The HDFS filesystem is just an abstraction layer on top of the local filesystem on the node(s). There are 2 methods built-in methods to access and manipulate the HDFS filesystem, the CLI and a web based GUI.
The Hadoop HDFS filesystem CLI commands are part of the hadoop binary and are accessed using the dfs option. Add the -fs option to override the filesystem specified in the config file or use local to use the local filesystem.
Listing files is done with the -ls switch. Optionally pass a path to list. The -lsr switch is used to recursively list files.
$ hadoop fs -ls / Found 3 items drwxrwxrwx - 0 1969-12-31 18:00 / drwxrwxrwx - 0 1969-12-31 18:00 /tmp drwxrwxrwx - 0 1969-12-31 18:00 /user
Disk usage can be found with the -du option. This is similar to the linux du command.
$ hadoop dfs -du /tmp Found 2 items 1205891 hdfs://localhost:9000/tmp/feder16.txt 301987 hdfs://localhost:9000/tmp/hadoop-hadoop
Creating directories is done with the -mkdir flag with the directory to create passed as an option.
$ hadoop dfs -mkdir /in
Copying and moving files are done with the -cp and -mv options respectively. The source and destination are passed in that order after the -cp or -mv.
$ hadoop dfs -cp /tmp/feder16.txt /in $ hadoop dfs -mv /tmp/feder16.txt /tmp/feder16.txt.2
Adding files to HDFS is done with the -put option. This was briefly covered in the pseudo-cluster operation. The -copyFromLocal option is an alias for -put. Pass the options in source then destination order. There is a -moveToLocal option that will delete the source file after uploading to HDFS.

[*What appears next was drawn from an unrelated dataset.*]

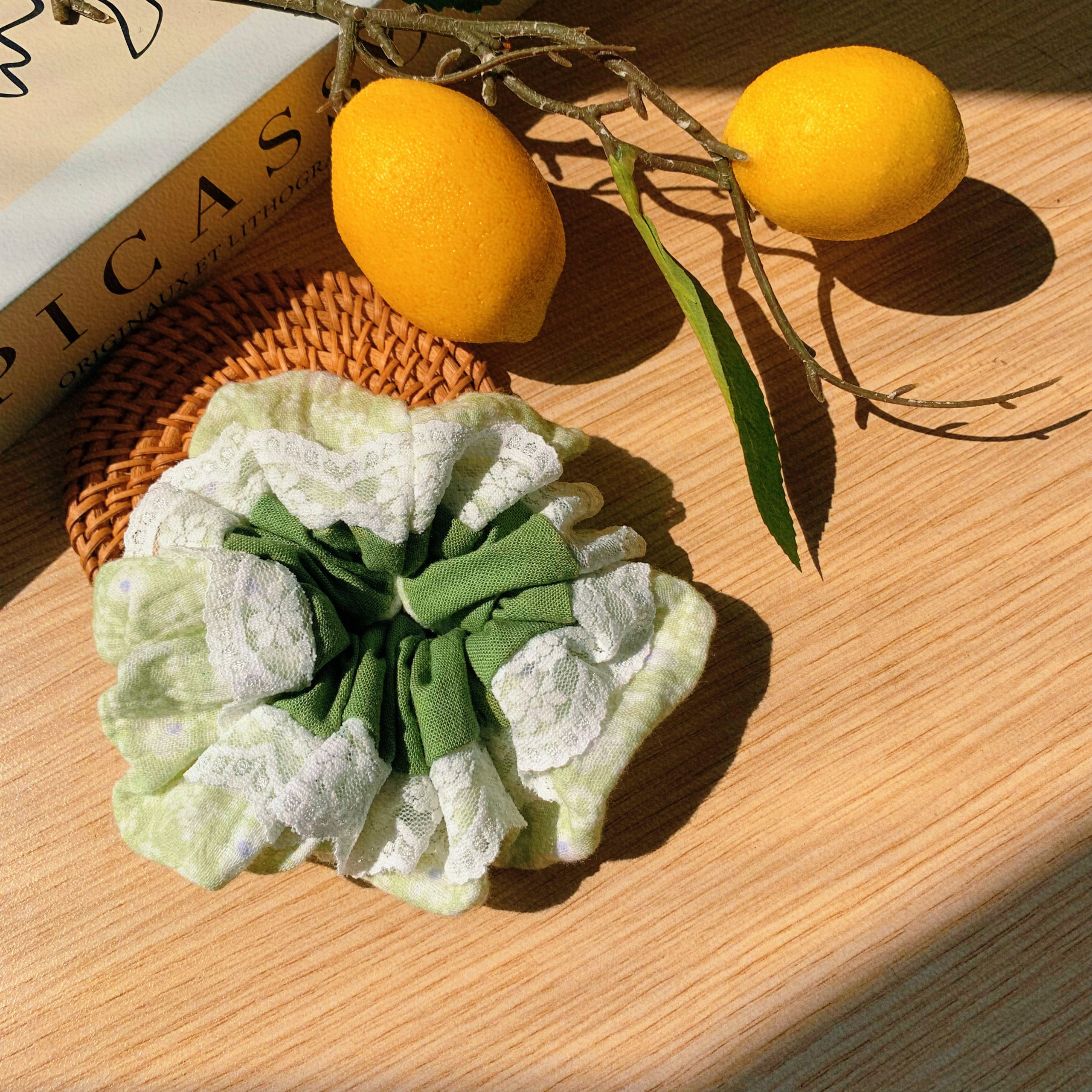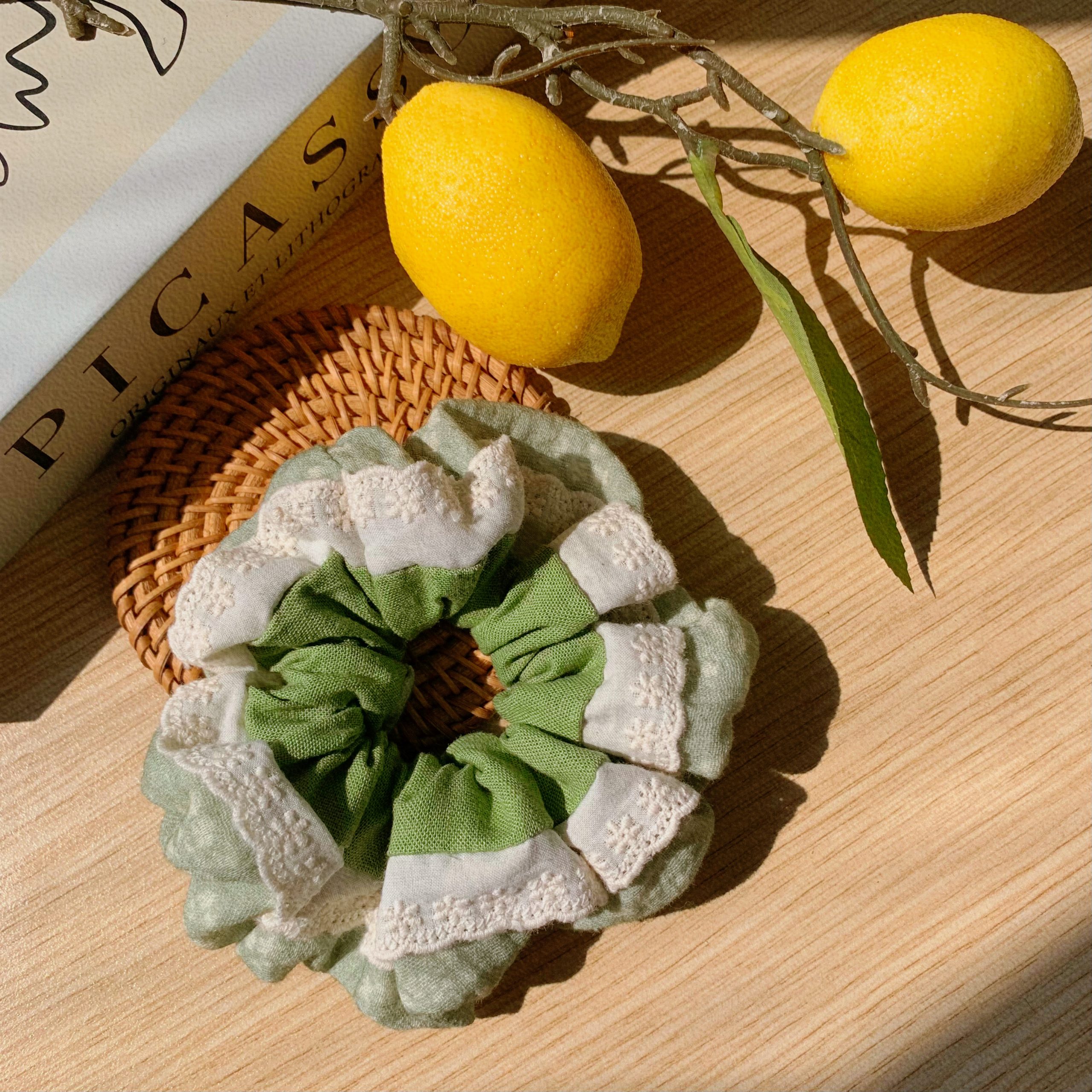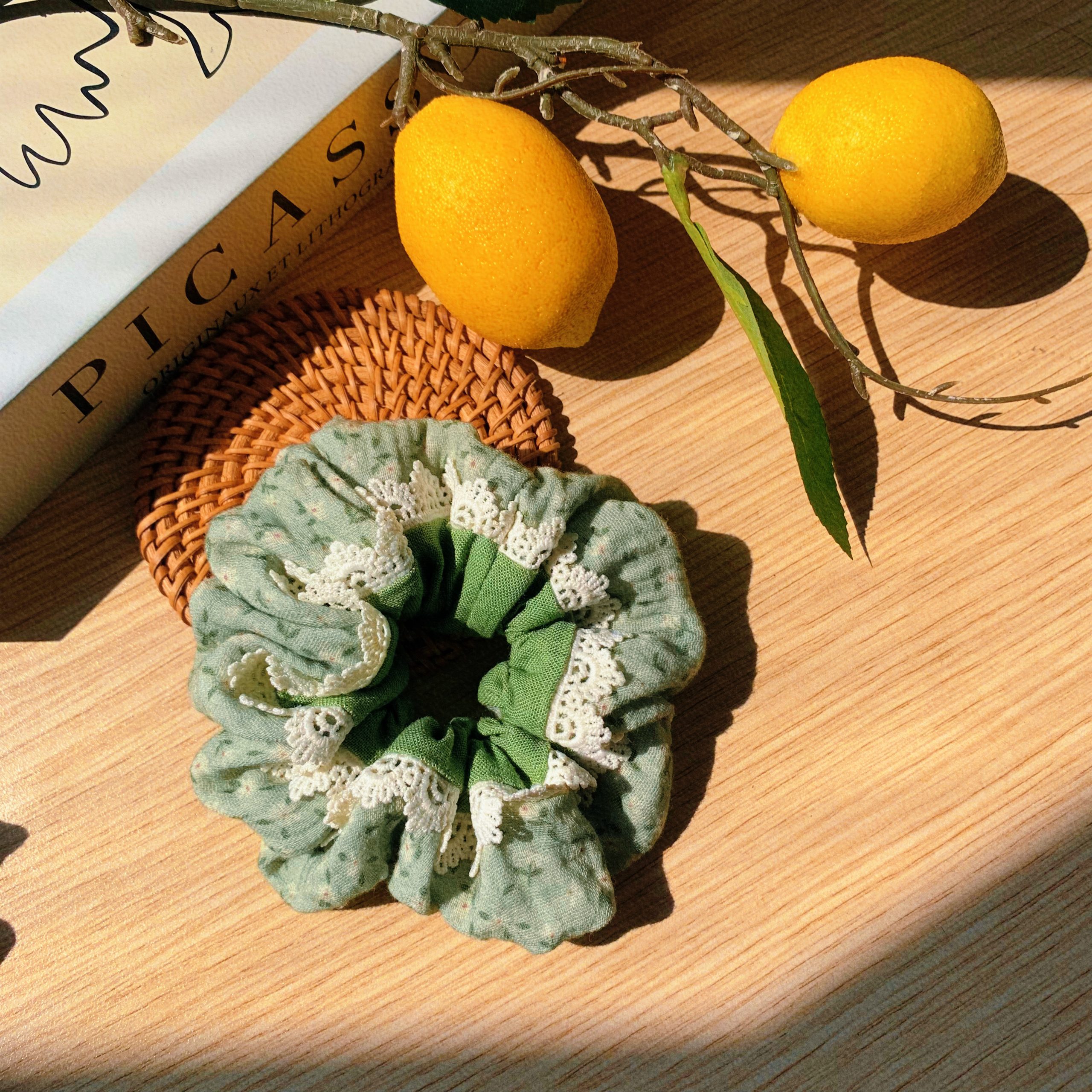 Scrunchies hoa ren ghép phối tone xanh bơ

$ hadoop dfs -put feder16.txt / $ hadoop dfs -copyFromLocal feder16.txt /in
After running a job the output data needs to be downloaded from HDFS. The -get option is used for that, the -copyToLocal option is an alias for -put. To delete files from HDFS once they've been copied back to the local disk use the -moveToLocal option.
$ hadoop dfs -put feder16.txt / $ hadoop dfs -copyFromLocal feder16.txt /in
Deleting files is done with the -rm option. To delete files and directories recursively use -rmr.
$ hadoop dfs -rm /in/feder16.txt Deleted hdfs://localhost:9000/in/feder16.txt $ hadoop dfs -rmr /in Deleted hdfs://localhost:9000/in
There are many more including cat, tail, chmod, chown and stat, for a full list run hadoop dfs -help.
In addition to the CLI the Hadoop HDFS has an integrated web interface available at http://localhost:50070/ . This interface provides information about the NameNode and the ability to browse the filesystem.